- Selling frenzy
Throughout the summer, the US housing market began to cool and many sub-prime lenders were no longer able to pay the increasing payments on their loans. As house values declined rather than increased, mortgage refinancing became impossible, and many lenders were forced to foreclose on their homes, according to press reports.
Wall Street investors from around the world became increasingly concerned and began selling off the packaged securities that contained sub-prime mortgages in large numbers.
- The money belt tightens
The mass sell-offs led to a lack of liquidity - cash - in the market as investors shied from financing risky investments and preferred to pour funds into more traditionally secure holdings such as US treasury bonds and eurozone backed government bonds.
As a result, many companies faced a lack of short-term financing as funds in the market began to freeze up.
- The Fed and ECB step in
In an apparent acknowledgement of the severity of the liquidity crisis and to calm investor fears, the US Federal Reserve Bank (Fed) cut interest rates and injected more than $40 billion into the financial markets.

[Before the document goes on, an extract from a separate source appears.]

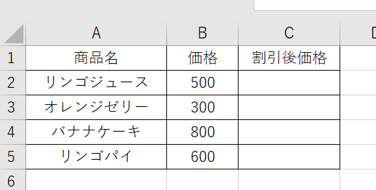 数式を下方向にコピーすれば、「リンゴジュース」と「リンゴパイ」だけが割引された価格で表示されます。

The European Central Bank (ECB) surprised investors on 09 August when it offered an unlimited amount of funds to the banking system, according to the Wall Street Journal. The ECB has so far poured some €200bn - more than after the terrorist attacks of 11 September 2001 - into financial markets in order to stave off a wider crisis.
On 6 September, the ECB Governing Council will meet to decide whether or not to raise the eurozone benchmark interest rate from the current 4% to 4.25%. A rate increase was anticipated before the crisis, but according to press reports there is now wide speculation that the bank will be forced to maintain the current rate in order to prevent a slow-down of the economy.
- Rating agencies: culprits or scapegoats?
In July, EU Internal Market Commissioner Charlie McCreevy met with senior executives from Standard & Poor's and criticised the role of this and other rating agencies in encouraging investment in questionable securities. McCreevy has called for a meeting of European securities regulators in September.
Press reports indicate that many investors are also pointing their fingers at rating agencies for classifying poor investments as "A" grade securities, a classificiation usually reserved for only the best investments.
But other observers point out that the "blame" for the crisis must be spread to include hedge fund managers, large mortgage companies and banks, and officials in the US government who adopted an excessively hands-off approach to the managment of US financial markets.
The Commission is not expected to consider any new legislation to prevent future market instability until after an April 2008 review of the International Organisation of Securities Commissions’ code of conduct.